-- Opening Marker --

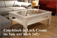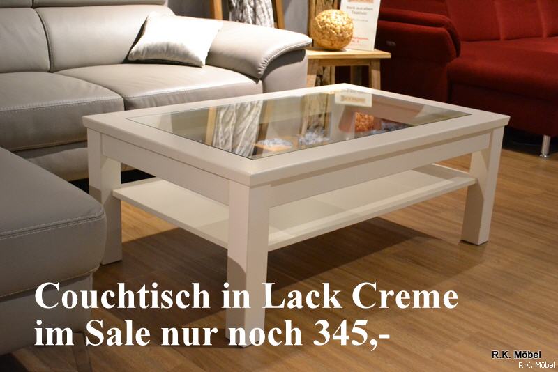 Klassischer Couchtisch in Lack Creme mit Klarglasplatte
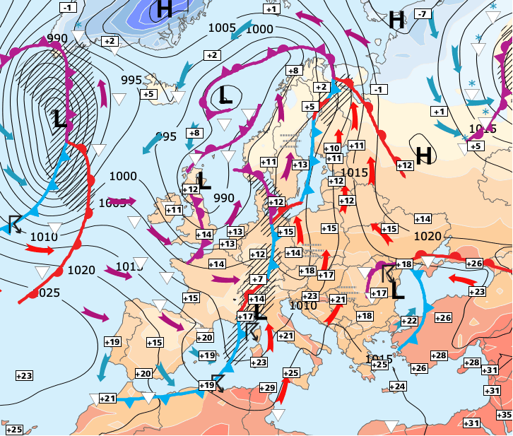 + La douceur venue des Açores et des Canaries envahira alors la France, et les températures deviendront très élevées pour la saison.
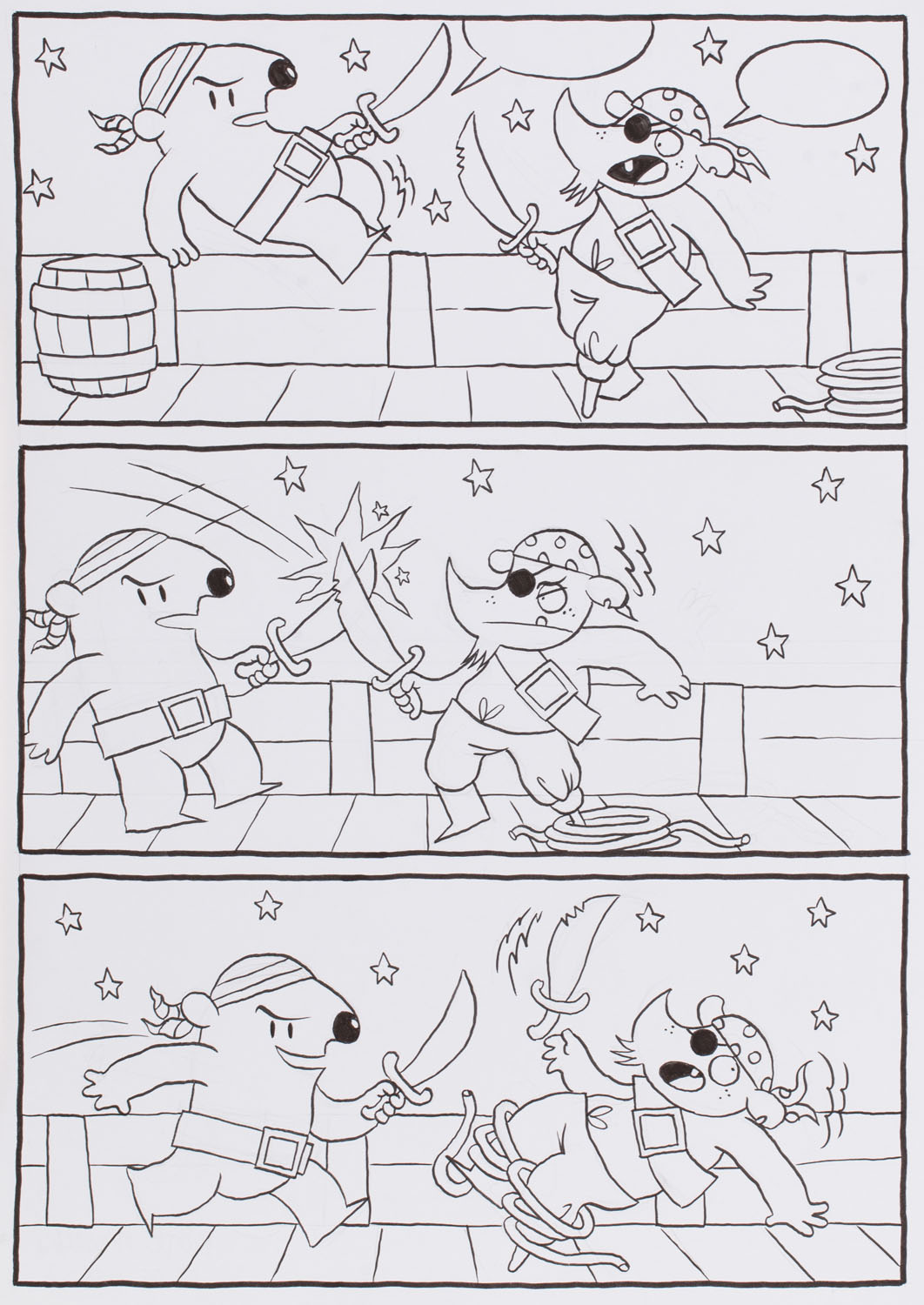 tusz/papier, 29,5 x 21 cmsygnowany i datowany na odwrociu: 'PIOTR NOWACKI | 01.06.2017'scenariusz: Maciej JasińskiWYDANIA:Krótkie gatki, Kultura Gniewu 2017
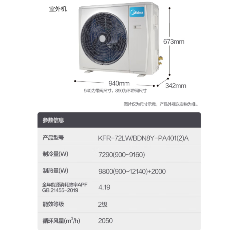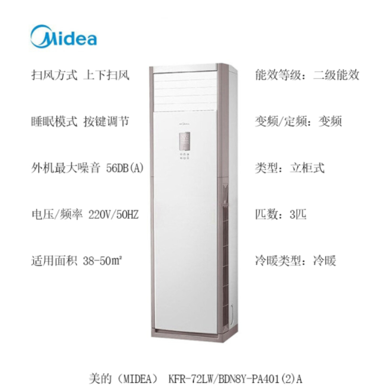 美的(Midea) KFR-72LW/BDN8Y-PA401(2)A 变频冷暖 二级能效 立柜式 标准安装(YYS)(单位:台)) 白色
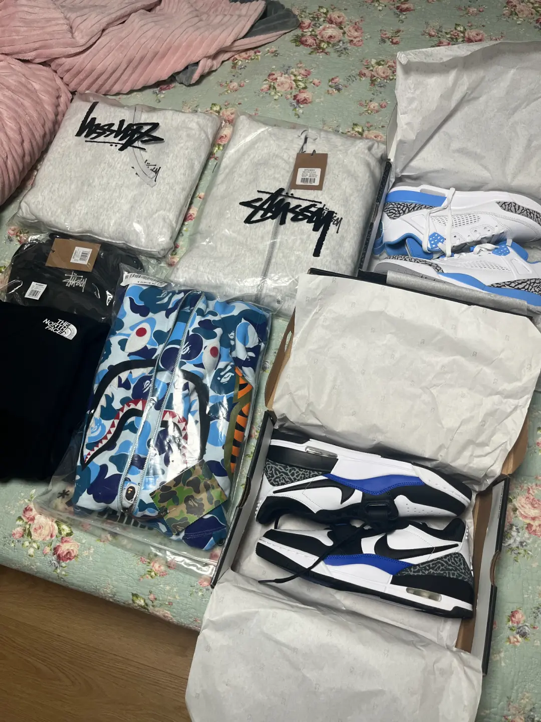 The items arrived, so I opened them up to take a look. The Bape hoodie feels better than I expected. The Jordan AJ1 has nice attention to detail. The Stussy hoodie has a great texture and is visibly thick.
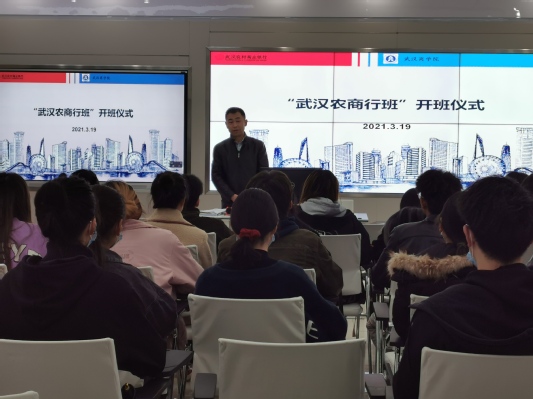 319日下午,我院首届“武汉农商行班”在北五教学楼208举行开班仪式。437必赢会员中心院长陈文武、武汉农村商业银行总行人力资源部程丽丽、柏秀魏出席活动。
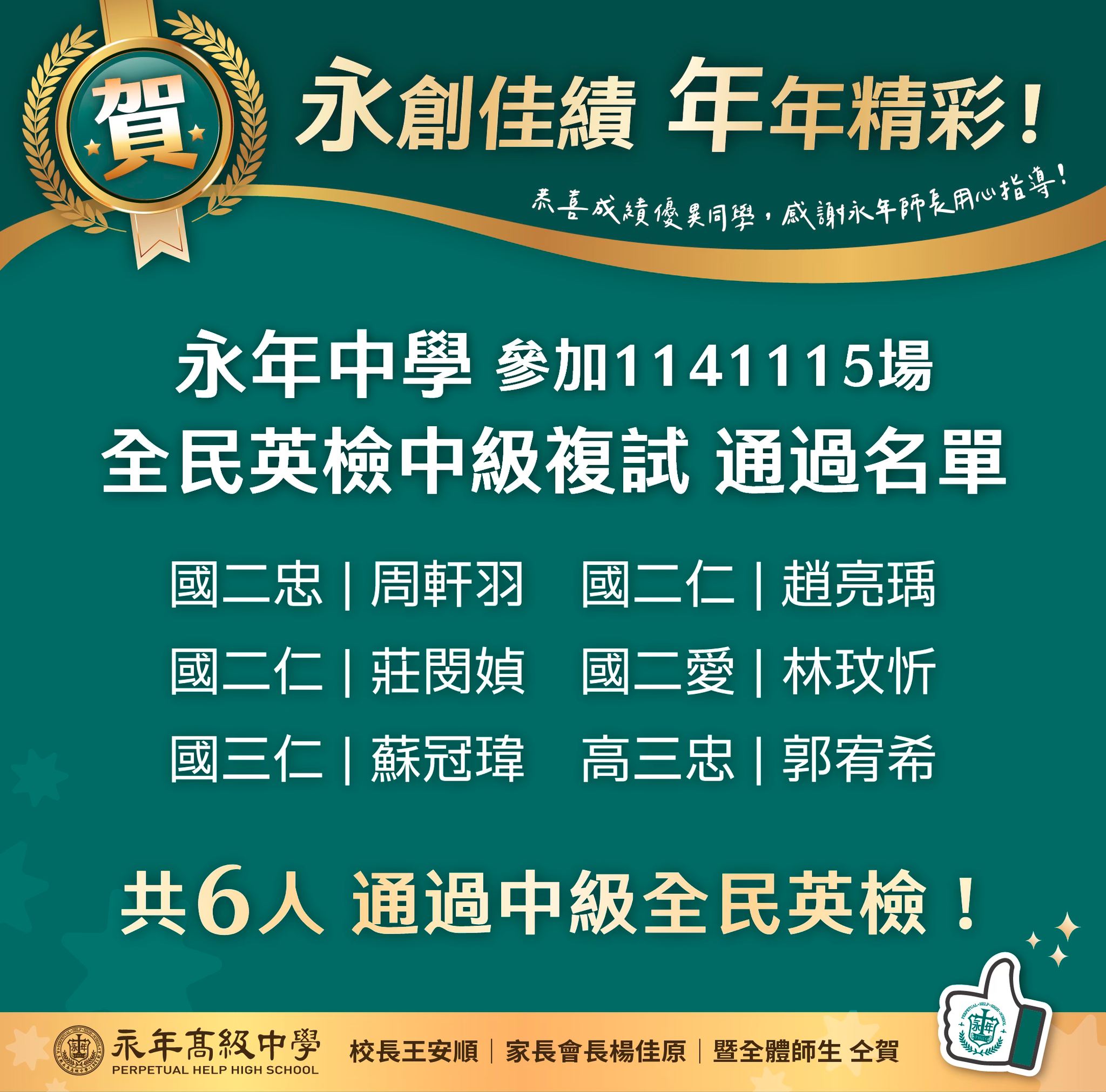 賀! 永年中學參加1141115場全民英檢中級複試測驗,共6人取得中級檢定合格證書!

-- Closing Marker --

**About this task**
Copy out every line of the material above exactly, skipping the pictures.

**Result for this task**
 Klassischer Couchtisch in Lack Creme mit Klarglasplatte
 + La douceur venue des Açores et des Canaries envahira alors la France, et les températures deviendront très élevées pour la saison.
 tusz/papier, 29,5 x 21 cmsygnowany i datowany na odwrociu: 'PIOTR NOWACKI | 01.06.2017'scenariusz: Maciej JasińskiWYDANIA:Krótkie gatki, Kultura Gniewu 2017
 美的(Midea) KFR-72LW/BDN8Y-PA401(2)A 变频冷暖 二级能效 立柜式 标准安装(YYS)(单位:台)) 白色
 The items arrived, so I opened them up to take a look. The Bape hoodie feels better than I expected. The Jordan AJ1 has nice attention to detail. The Stussy hoodie has a great texture and is visibly thick.
 319日下午,我院首届“武汉农商行班”在北五教学楼208举行开班仪式。437必赢会员中心院长陈文武、武汉农村商业银行总行人力资源部程丽丽、柏秀魏出席活动。
 賀! 永年中學參加1141115場全民英檢中級複試測驗,共6人取得中級檢定合格證書!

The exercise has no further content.